» Data provided:
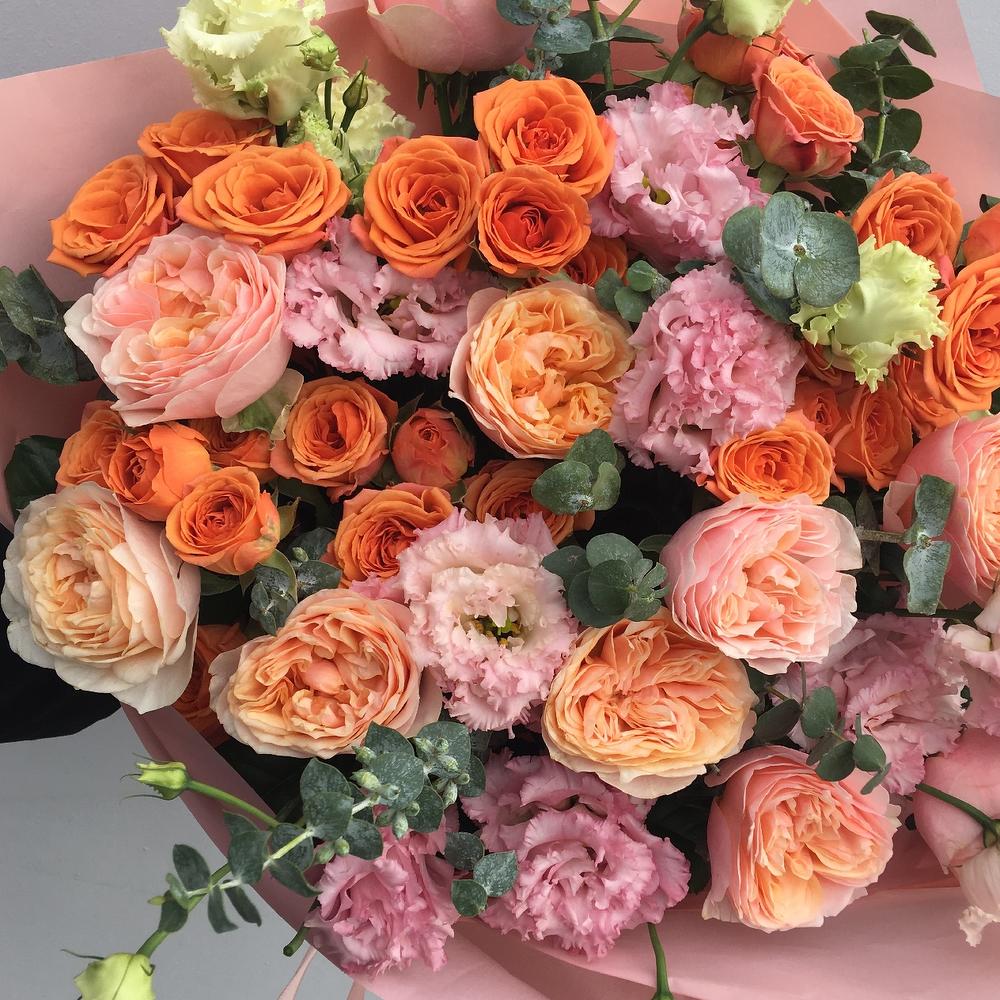 Роза пионовидная – 9 шт.Роза кустовая – 5 шт.Лизиантус – 9 шт.Эвкалипт – 9 шт.Упаковка – 3 шт.Лента атласная – 2 шт.
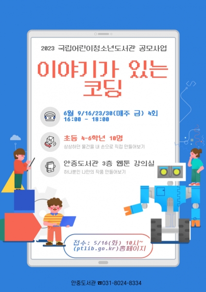 [충청뉴스큐] 평택시립안중도서관은 국립어린이청소년도서관이 주관하는 2023년 ‘이야기가 있는 코딩’ 공모사업에 2년 연속 선정됐다.
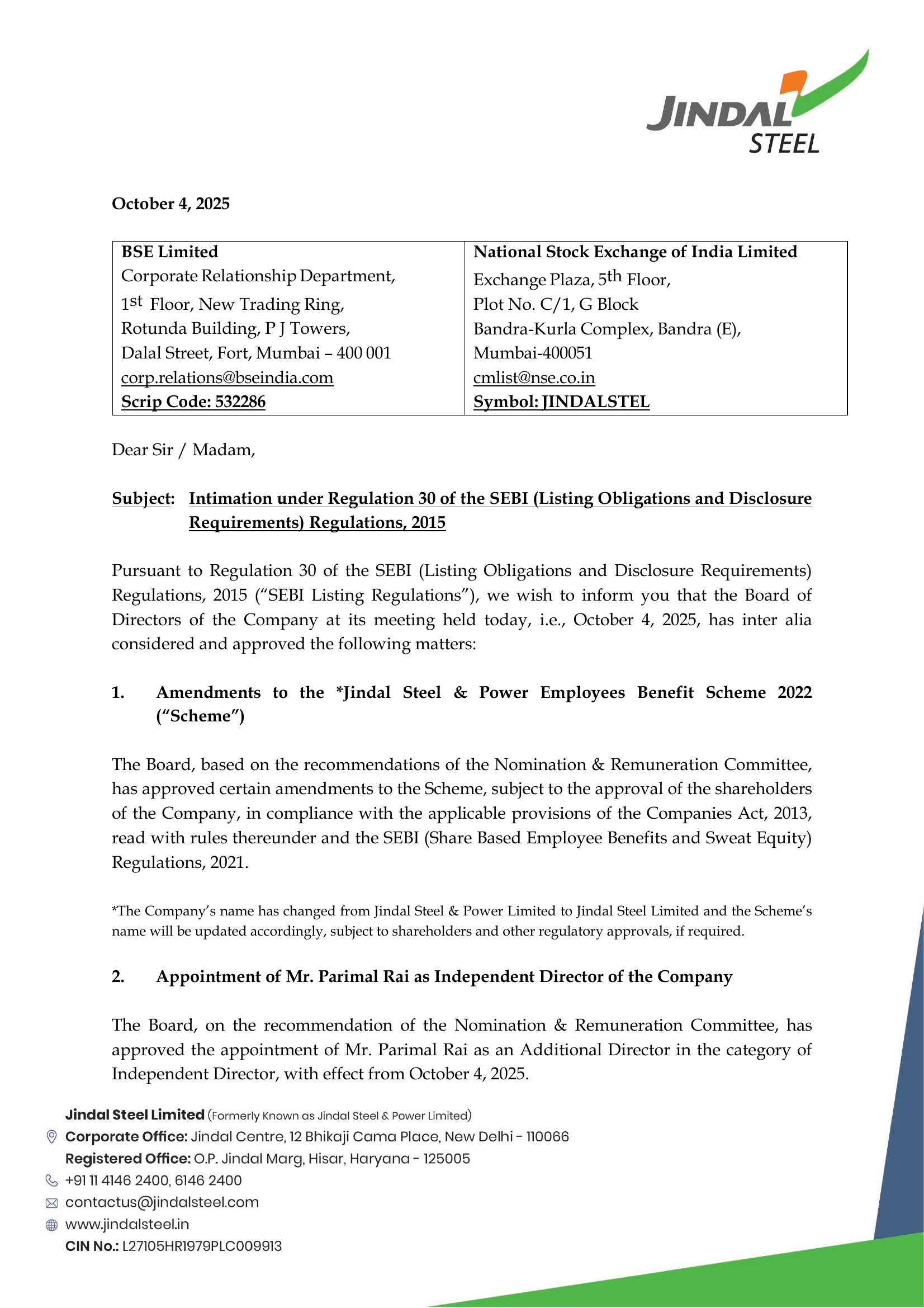 Jindal Steel Board Approves Key Appointments and Scheme Amendments Jindal Steel Limited's Board has approved amendments to its Employees Benefit Scheme 2022, pending shareholder approval. Additionally, Mr. Parimal Rai has been appointed as an Independent Director for four years, and Mr. Sunil Agrawal has been appointed as interim CFO, effective October 4, 2025. Original Filing: www.bseindia.com/stock... $JINDALSTEL.NSE #ManagementChange

» Activity: Nothing but the lines from the first line of the data above through the line holding "[충청뉴스큐] 평택시립안중도서관은 국립어린이청소년도서관이" may appear in the response, copied exactly and without pictures.

» Exercise response:
 Роза пионовидная – 9 шт.Роза кустовая – 5 шт.Лизиантус – 9 шт.Эвкалипт – 9 шт.Упаковка – 3 шт.Лента атласная – 2 шт.
 [충청뉴스큐] 평택시립안중도서관은 국립어린이청소년도서관이 주관하는 2023년 ‘이야기가 있는 코딩’ 공모사업에 2년 연속 선정됐다.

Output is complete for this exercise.